Hello, I’m Imogen better known as Immy. I’m married, and I have a son and 2 step daughters. I’m a Producer for a National Opera Company, living in South Wales , and the reason I’m here, writing (!!) is due to the fact that I’m also currently undergoing treatment for stage IV melanoma. As a lot of newly diagnosed cancer patients do, I needed somewhere to document and off load what I was going through. I’ve never been much of a writer, and don’t think I’m very good at it, but at the beginning this seemed to be the most efficient way of keeping friends and family updated with the forever changing “journey” that is cancer treatment.

I was initially diagnosed with stage II melanoma (a mole on my back, that was surgically removed) in October 2014. Treatment was over and done with by Christmas of that year, and life pretty much went back to normal immediately. Then in June 2019, I was unexpectedly diagnosed with metastasized (spread of the original cancer cells) melanoma, now in my lungs. I had no symptoms, it was picked up on a routine MRI scan for something entirely separate. Then kicked off the worst two weeks of my life, before I got on the treatment train. Melanoma is a notoriously aggressive and unpredictable type of skin cancer, which can return years after an initial diagnosis for no rhyme or reason. In the past, the odds for stage IV melanoma survival have been pretty dire – some people initially wanted to give me anything from 9 months to a year. However, luckily for me, I’ve been diagnosed at an exciting time with regards to cutting edge developments in immunotherapy, and various other treatment options. This means that (some) people are surviving! And this is obviously all that matters to me right now.
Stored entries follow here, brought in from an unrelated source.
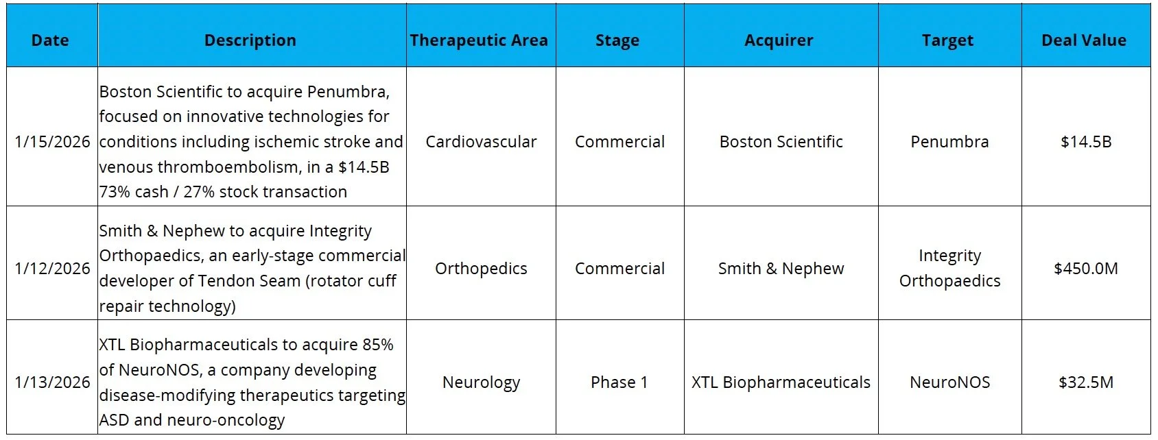 Commercial MedTech M&A activity continues: Boston Scientific agreed to acquire Penumbra in a ~$14.5B cash-and-stock transaction to expand its vascular and neurovascular device footprint and deepen exposure to the fast-growing thrombectomy market
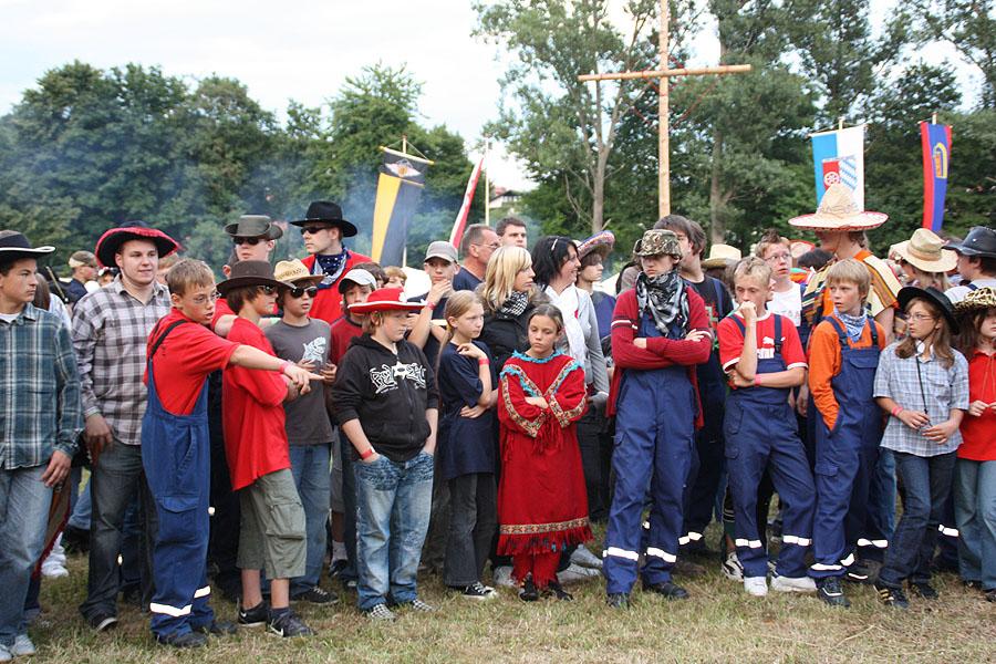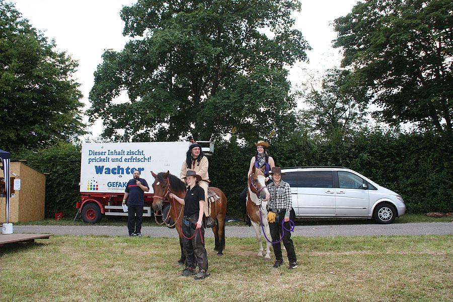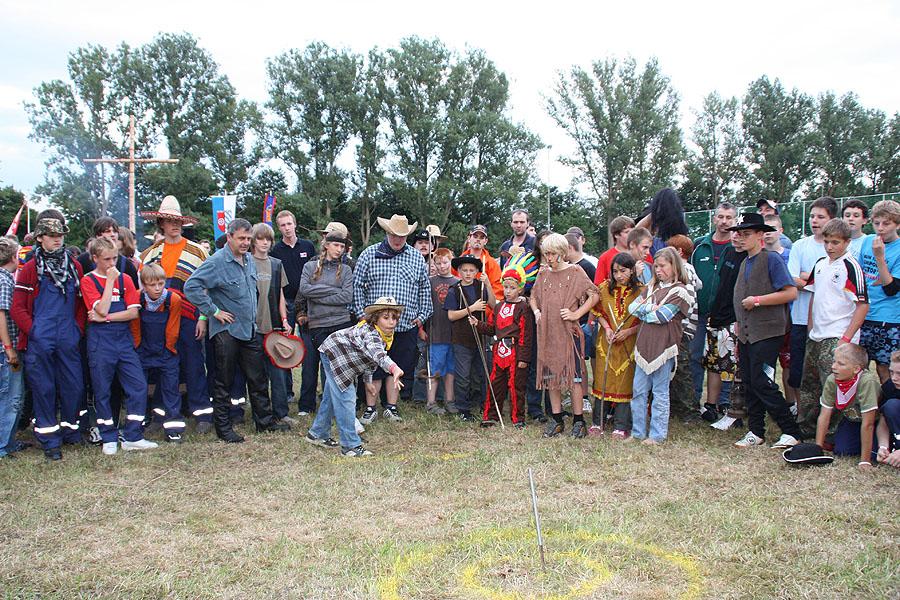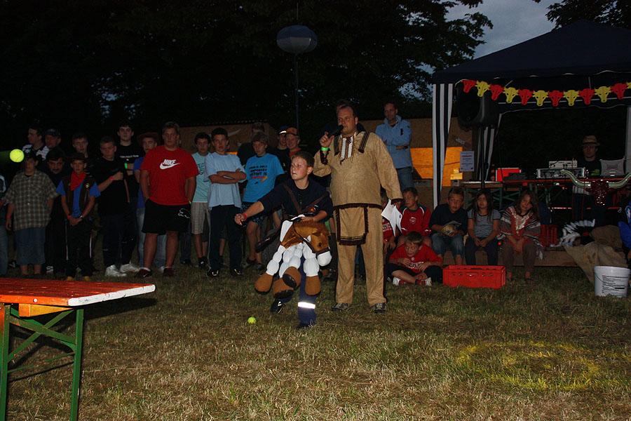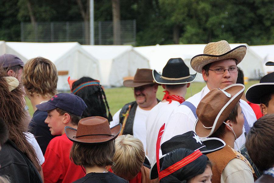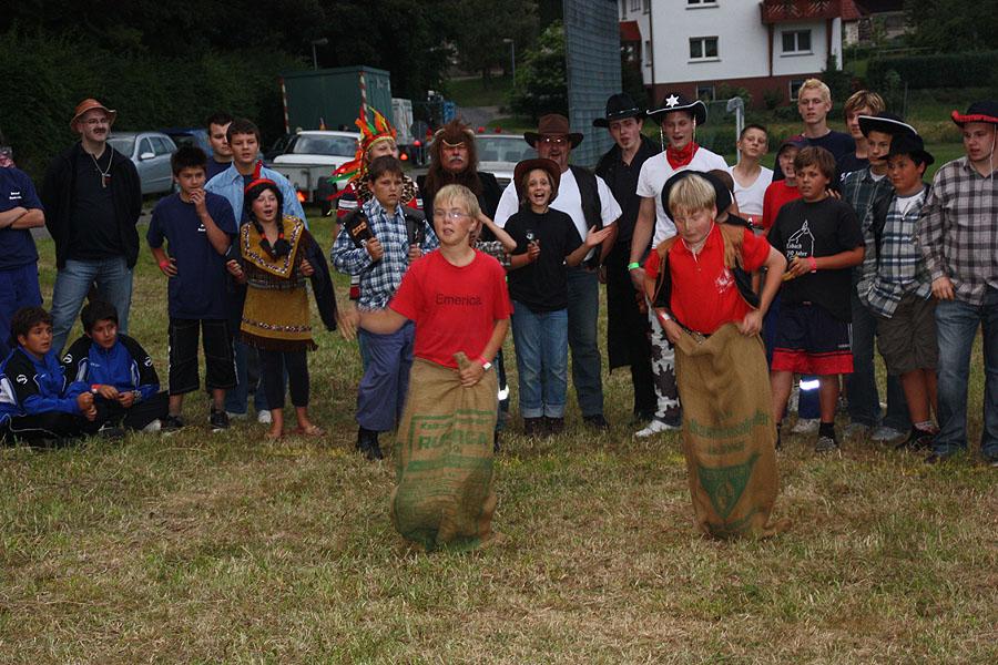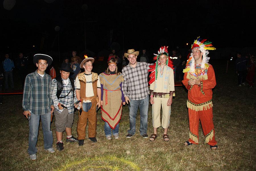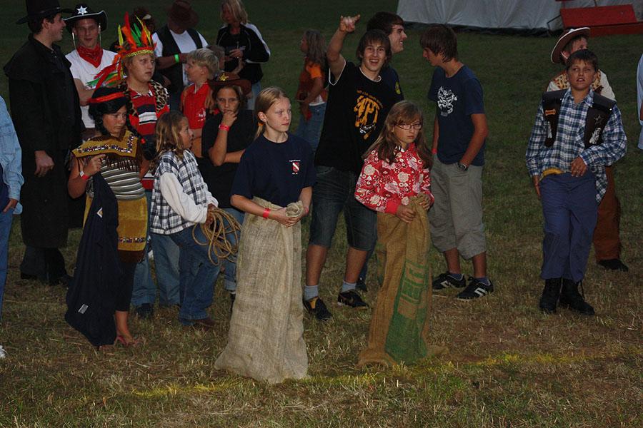 Kreisjugendfeuerwehrwart Nikolaus Klasan eröffnete das Lagerleben am Freitag abend und begrüßte gemeinsam mit Ortsvorsteher Kurt Müller die 26 Jugendfeuerwehren aus dem ganzen Neckar-Odenwald-Kreis. Nach dem Abendessen startete "Wild Wild West" mit dem Einritt der Kreisjugendleitung von vier Pferden vom benachbarten Reiterhof Partsch. Nach drei Wild-West-Spielen, bei denen es galt, Hufeisen zielgenau zu werfen, Büffel zu jagen und in Säcken zu hüpfen, fand die große Kostümprämierung der Jugendfeuerwehr statt. Ein Großteil der Jugendlichen war in einfallsreichen Kostümen angetreten.
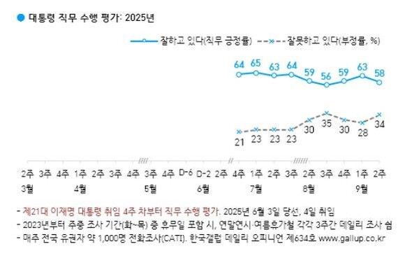 이재명 대통령의 직무 수행에 대해 '잘하고 있다'는 긍정 평가는 58%, '잘못하고 있다'는 부정 평가가 34%라는 여론조사 결과가 12일 나왔다.
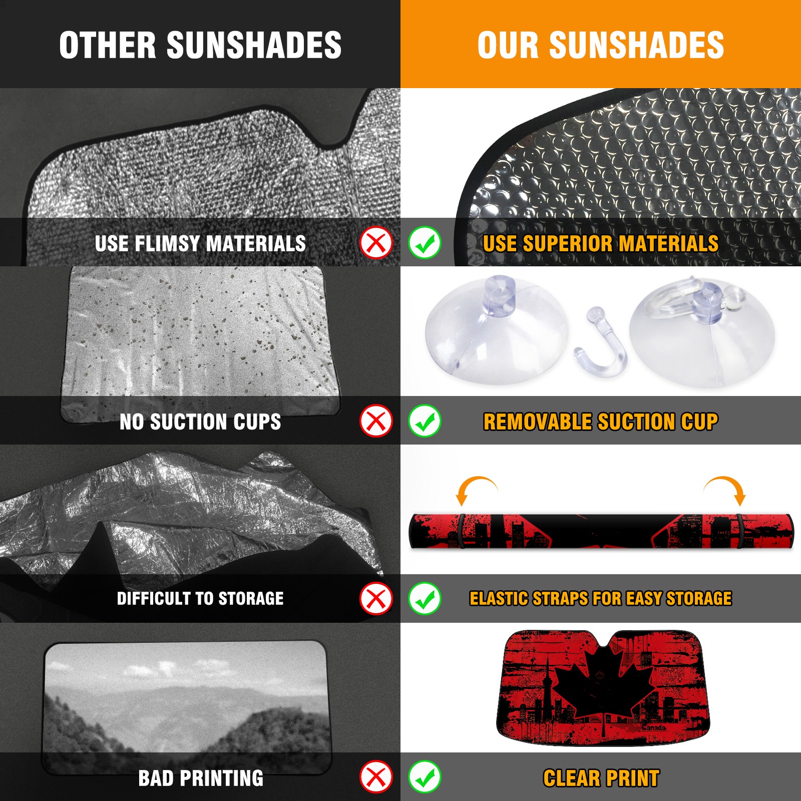• Diameter /Size 63"L x 33.5"W Made from excellent materials which makes it sturdy and protects the car from the sun. Easy to use and pack. Makes the interior of the car cooler.You can easily stash the sunshade in the storage bag or store long term.It open and closes easy. Also the leather storage bag is durable and easy to put the umbrella back into.This windshield sunshade provides complete coverage and keeps your car interior cool under direct sun. It is easy to open and position under the windshield and around the rear-view mirror. Makes Your Car Easy To Identify, Perfect For Finding Your Car In Crowded Parking Lots And Garages.Great Choice: It Is A Great Gift For Dad, Boyfriend, Brother, Brother And Uncle, Friends, Classmates, Family And So On. Notice: Due To Difference Computer Monitors, The Color Maybe Slightly Different From Picture. As Different Measurement Methods, Measurement Data Will Float Within 2%.I Hope You Understand. If You Have Any Question About The Item Please Do Not Hesitate To Contact Us Immediately And We Will Give You A Satisfactory Reply Within 24 Hours.
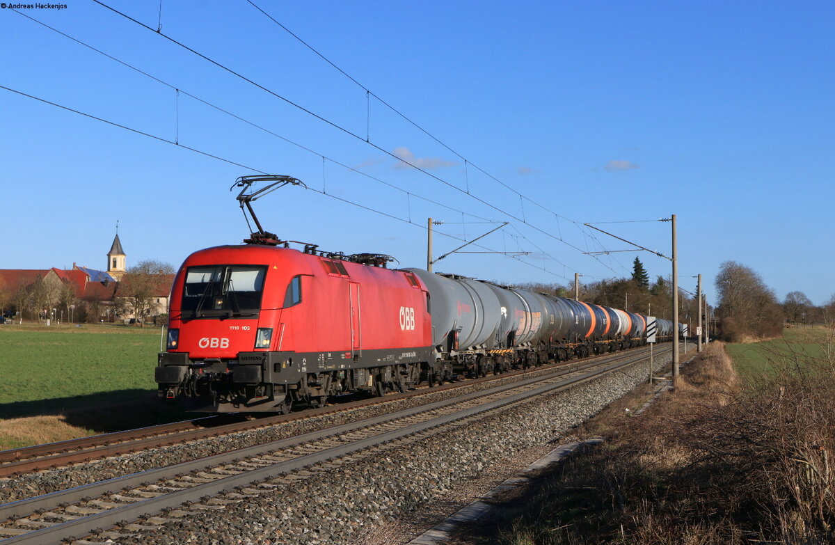 1116 103 mit dem DGS 47868 (Salzburg Gnigl Vbf - GRoßkorbetha) bei Rudolzhofen 23.2.22

I have decided to make this diary-type blog public, for two reasons mainly. On the outside I look well, and I have found it particularly difficult carrying on over the past 10 months pretending like everything in my life is normal. It’s tricky keeping up the act with work colleagues, friends from home and also afar, the wider social media community etc. I don’t want people to feel sorry for me, but I do want people to understand why I haven’t been as “on it” in work, or as present at events and functions. Secondly, I wonder if anyone – maybe just one single newly diagnosed person – will see this. When I was told I had cancer in my lungs, that I might have to have surgery, lung dissections, whole hosts of treatments and hospital stays, all I wanted to do was find someone my age who was going through the same thing. I wanted to feel less alone, and I desperately needed to know what to expect of the coming months. Thank goodness for blogging and social media. I have found some truly inspirational individuals, all over the world, who have shared their experiences, and I can’t begin to explain what a comfort it has been knowing that there are others out there like me, going through the same thing.